The present invention relates to a radiological imaging apparatus comprising semiconductor radiation detector modules.
Examples of medically applied radiation measurement systems include radiological imaging apparatuses such as a gamma camera, a single photon emission computed tomography (SPECT) apparatus, and a positron emission tomography (PET) apparatus.
In examinations using a radiological imaging apparatus, radiopharmaceuticals are administered to a subject that is a testing object; the radiopharmaceuticals contains a substance tending to deposit in a particular site (for example, cancerous cells). Then, radiation detectors detect radiations emanated from the subject's affected part as a result of the radiopharmaceuticals deposited in the site. The radiations emanated from the subject's affected part each have a fixed quantity of energy (for PET examinations, 511-KeV energy). On the basis of detection signals output by the radiation detectors having detected the radiations, the radiological imaging apparatus creates a tomographic image containing an image of the area in which the radiopharmaceuticals are deposited, that is, an image of the subject's cancerous part. On the basis of the created tomographic image, a medical doctor specifies a cancerous part.
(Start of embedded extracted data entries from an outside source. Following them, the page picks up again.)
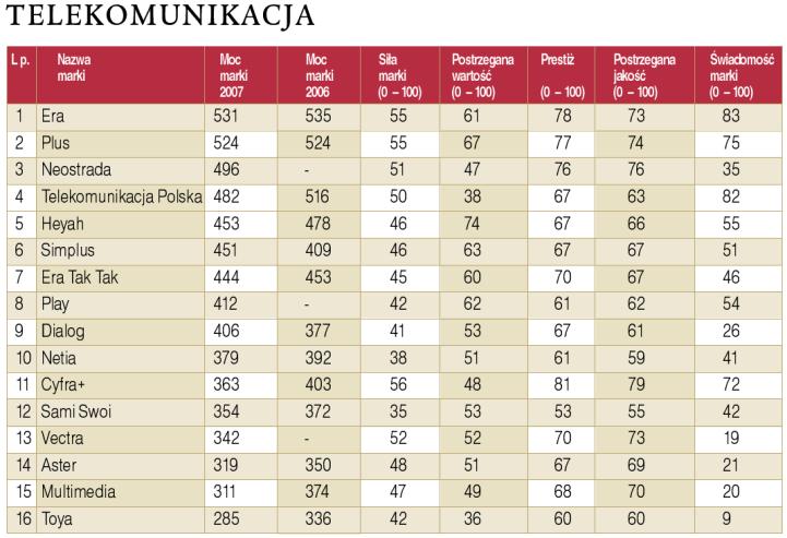 W tegorocznej piątej edycji Rankingu Najcenniejszych Polskich Marek dziennika Rzeczpospolita w kategorii Telekomunikacja pod względem "mocy marki" zwyciężyła marka Era. Marka Orange nie była uwzględniona w rankingu. Pełne zestawienie ze względu na "moc" marek telekomunikacyjnych znajduje się tutaj
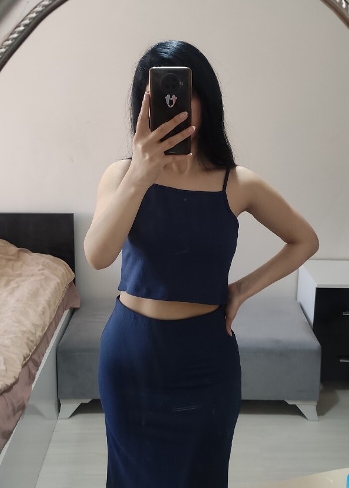 Alt üst takım elbise. Hiç kullanılmadı. L beden bana büyük geldiği için kullanamadım malesef. Normalde m beden giyiyorum belden bol oldu. Markası şimal. Sol tarafta diz altına kadar yırtmacı vardır.
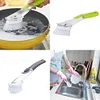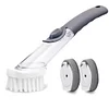 EASY TO USE: Just open the cover at the end of the brush to inject cleaning liquid into the handle and press the button to start cleaning your kitchen and more without touching the cleaning liquid directly. (The silicone button provides good sealing performance without fear of leakage.)
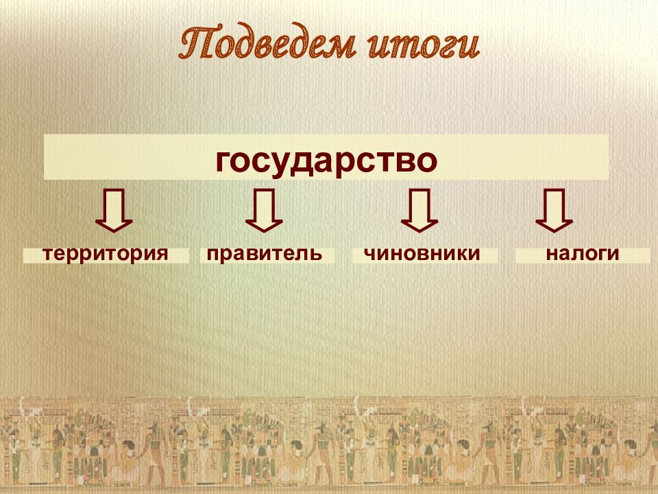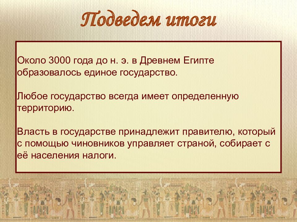 Около 3000 года до н. э. в Древнем Египте образовалось единое государство. Любое государство всегда имеет определенную территорию. Власть в государстве принадлежит правителю, который с помощью чиновников управляет страной, собирает с её населения налоги. Подведем итоги
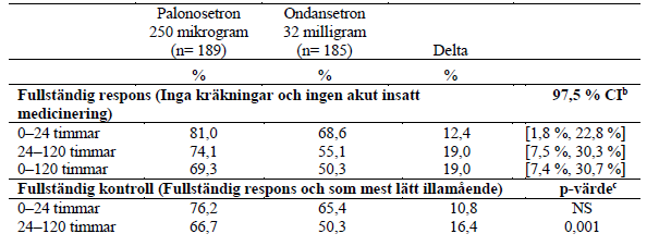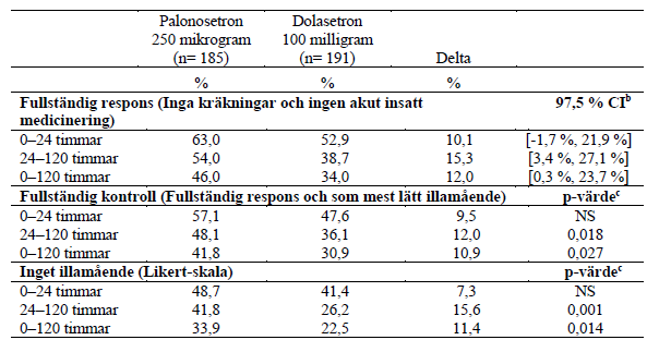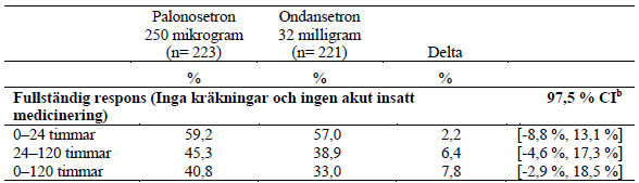 b Studien var utformad för att visa non-inferiority. En undre gräns större än –15 % visar non-inferiority mellan Palonosetron och jämförelsepreparatet.
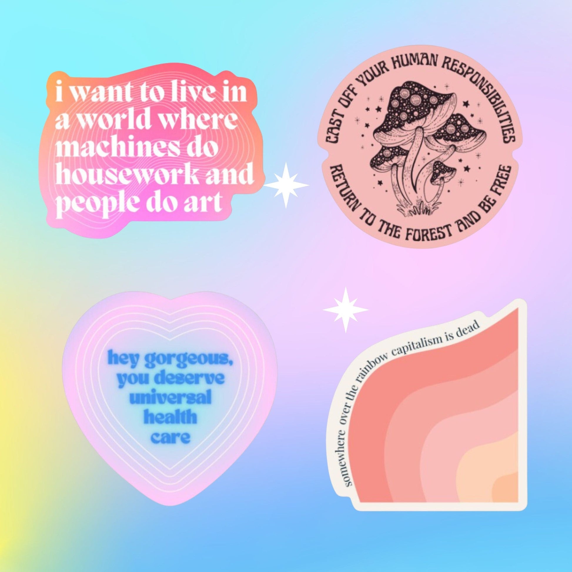 Anti-Capitalism Vinyl Sticker | Water Bottle Laptop Decals | 4 Pack

A radiological imaging apparatus is known which uses semiconductor radiation detectors (referred to as semiconductor detectors below) as radiation detectors (see JP-A-2004-125524). The semiconductor detector is composed of any one of semiconductor materials such as CdTe (cadmium telluride), GaAs (gallium arsenide), and TlBr (thallium bromide). The semiconductor detector has electrodes installed on opposite surfaces of the semiconductor member. When a radiation is incident on the semiconductor member, the semiconductor detector generates electric charges corresponding to the energy of the radiation on the basis of photoelectricity. The electric charges generated by the semiconductor member are taken out of an electrode to which a charge collection bias voltage is applied. As a result, an electric signal is obtained. Thus, the semiconductor detector outputs the electric charges generated by the interaction between the radiation and the semiconductor material, as an electric signal. The semiconductor detector thus has an excellent energy resolution.
However, if the semiconductor detector is applied to the radiological imaging apparatus, measures must be taken for a phenomenon called polarization. The polarization appears significantly in semiconductor detectors using CdTe Schottky diodes. This phenomenon will be described. Continuous application of a bias (a reverse bias for normal diodes) voltage to the CdTe Schottky diode may degrade the energy resolution in several to several tens of minutes. Further elapse of time may degrade detection efficiency or photoelectric conversion efficiency. In this state, accurate measurements are impossible. The polarization results from the accumulation of space charges as shown in “Radiation Measurement Handbook, 3rd Edition written by KNOLL and translated by Itsuro KIMURA and Eiji SAKAI, THE NIKKAN KOGYO SHIMBUN LTD., p. 548”. Thus, when the bias voltage is zeroed simultaneously with the end of measurements, the space charges are recombined to avoid the polarization (see JP-A-2004-125524).
JP-A-2004-125524 describes a radiation detection system comprising a semiconductor detector, a switch and a control unit. JP-A-2004-125524 also discloses a technique for zeroing the bias voltage applied to the radiation detector after detection of a radiation in order to avoid the polarization.
However, while the bias voltage applied to the radiation detector is zero, the electric charges generated by the radiation detector are not collected. Consequently, gamma rays cannot be measured. Some examinations using a radiological imaging apparatus measure gamma rays emanated from the subject's body to check variations in the gamma rays according to time series. Such examinations are intended for the brain (cerebral infarction, brain tumor, or Alzheimer's disease) and the heart and vessels (myocardial infarction or myocardial ischemia).
Cardiac examinations use, for example, radiopharmaceuticals which are taken and deposited in the normal heart muscle and which are not deposited in a site of the myocardial infarction. Before PET examinations, such radiopharmaceuticals are administered to the subject. A PET apparatus measures gamma rays emanated from the subject's heart muscle to create a tomographic image containing the heart. To create a tomographic image, it is necessary to measure time series data on radiations emanated from the normal parts of the heart and adapt a time-radiation curve for the left chamber lumen and the heart muscle to a compartment model analysis method to determine the blood flow in the local heart muscle. If such time series data is measured, an off time during the gamma ray measurement must be reduced.